Requirement »
No pictures go into the copy. Write out every line below exactly.

Recorded data »

• • • • • • •

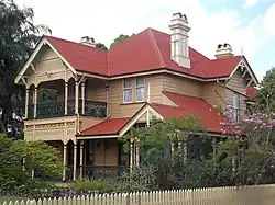 The front elevation is dominated by a double-storeyed gabled verandah on the left which has cast-iron balusters and frieze and a pierced timber valance. On the right is a gabled portico. This leads onto a small verandah, enclosed by timber louvres, which projects to the side.[1]
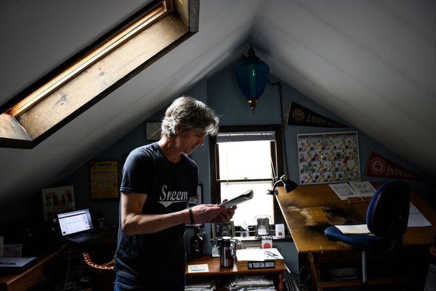Mondays, he creates his Sunday cartoon. Tuesdays and Wednesdays — his longest and busiest days — he churns out the other six cartoons for the week. Thursday through Sunday, Coverly works on his other projects. In addition to Speed Bump, he writes and illustrates children’s books; assemblies various anthologies of this work; produces cartoons for greeting cards and other merchandise, and he does illustrations for Barkbox, a monthly subscription service providing dog products and services.
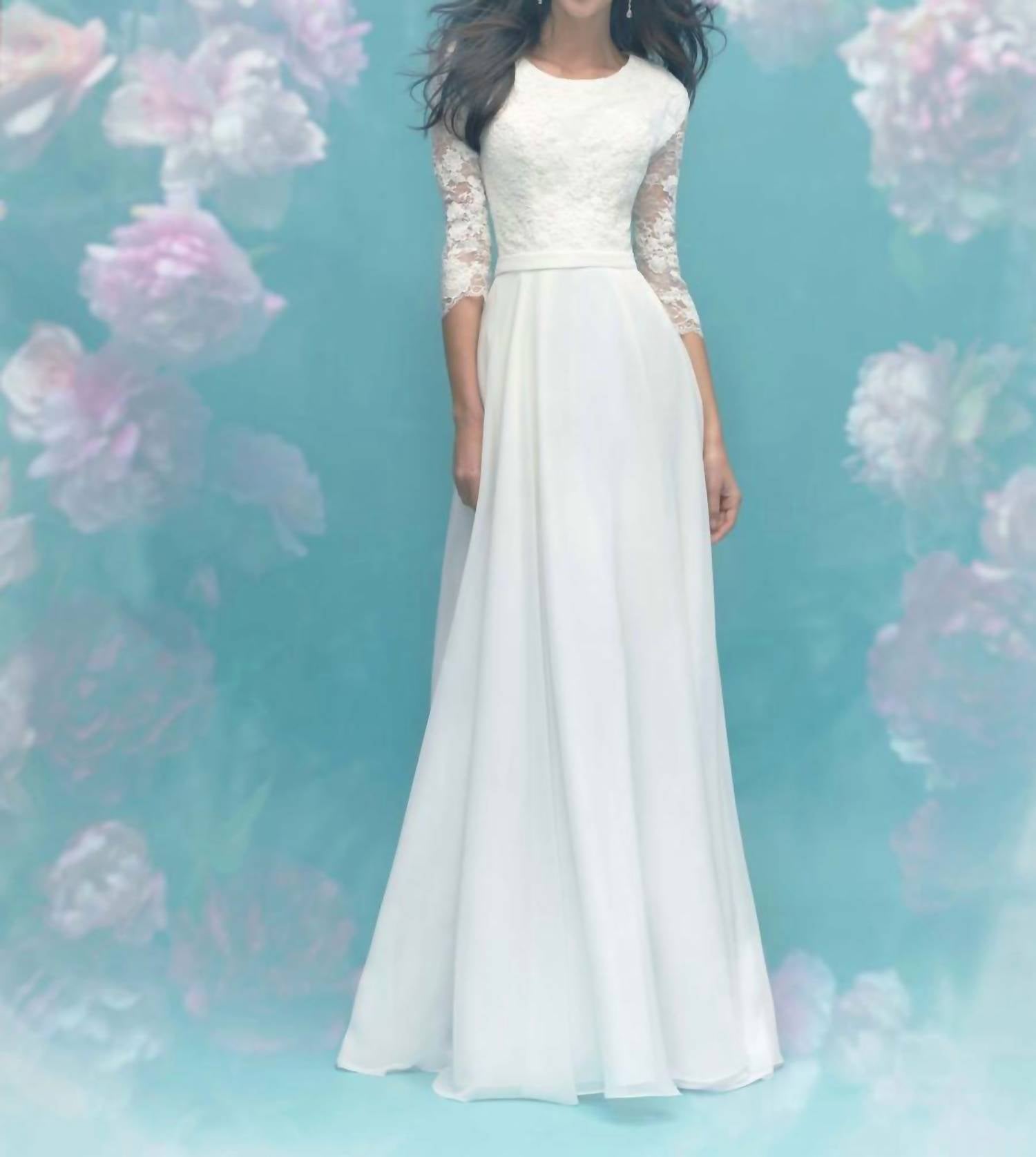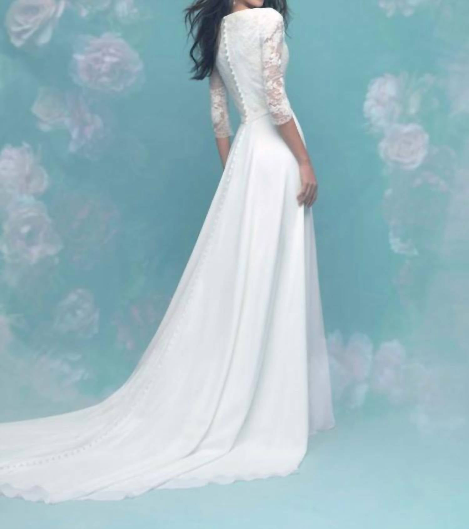 Introducing the Misha A-line Dress by Allure Bridals, an elegant gown in timeless ivory. Featuring three-quarter sleeves crafted from intricate lace, the dress showcases a beautifully textured floral pattern throughout. This maxi-length dress has a delicate chiffon skirt and a dignified swooping neckline, with a satin belt distinguishing the bodice from the gracefully flowing skirt. The full back design is elegantly adorned with cascading faux buttons that conceal a functional zip closure. Perfect for a modest spring wedding, this gown is a testament to quiet luxury.
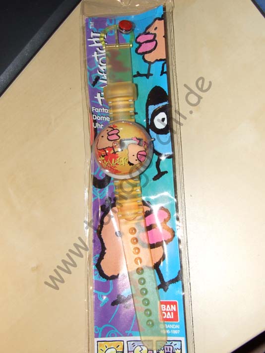 Die ersten 8 Uhren sind sog. digitale "Bubble Watches" Sie haben eine halbe Kugel mit Flüssigkeit gefüllt, in der ein Charakter schwimmt. Die nächste Uhr ist eine normale mit Zeigern in der Optik eines Gen1. Dann kommt ein Tamagotchi Wecker, den ich persönlich sehr schön finde. Die darauf folgenden 2 Angel Uhren finde ich auch wunderschön. Sie sieht sehr detailreich und edel in der Optik. Leider sind die nur für zierliche Kinderhände gemacht^^ Zum Schluß seht ihr ein "Mezamatch". Das ist ein Tamagotchi Wecker, der ähnlich einem Tamagotchi bedient wird und ein Digital Display hat.

• • • • • • •

Task response »
 The front elevation is dominated by a double-storeyed gabled verandah on the left which has cast-iron balusters and frieze and a pierced timber valance. On the right is a gabled portico. This leads onto a small verandah, enclosed by timber louvres, which projects to the side.[1]
Mondays, he creates his Sunday cartoon. Tuesdays and Wednesdays — his longest and busiest days — he churns out the other six cartoons for the week. Thursday through Sunday, Coverly works on his other projects. In addition to Speed Bump, he writes and illustrates children’s books; assemblies various anthologies of this work; produces cartoons for greeting cards and other merchandise, and he does illustrations for Barkbox, a monthly subscription service providing dog products and services.
 Introducing the Misha A-line Dress by Allure Bridals, an elegant gown in timeless ivory. Featuring three-quarter sleeves crafted from intricate lace, the dress showcases a beautifully textured floral pattern throughout. This maxi-length dress has a delicate chiffon skirt and a dignified swooping neckline, with a satin belt distinguishing the bodice from the gracefully flowing skirt. The full back design is elegantly adorned with cascading faux buttons that conceal a functional zip closure. Perfect for a modest spring wedding, this gown is a testament to quiet luxury.
 Die ersten 8 Uhren sind sog. digitale "Bubble Watches" Sie haben eine halbe Kugel mit Flüssigkeit gefüllt, in der ein Charakter schwimmt. Die nächste Uhr ist eine normale mit Zeigern in der Optik eines Gen1. Dann kommt ein Tamagotchi Wecker, den ich persönlich sehr schön finde. Die darauf folgenden 2 Angel Uhren finde ich auch wunderschön. Sie sieht sehr detailreich und edel in der Optik. Leider sind die nur für zierliche Kinderhände gemacht^^ Zum Schluß seht ihr ein "Mezamatch". Das ist ein Tamagotchi Wecker, der ähnlich einem Tamagotchi bedient wird und ein Digital Display hat.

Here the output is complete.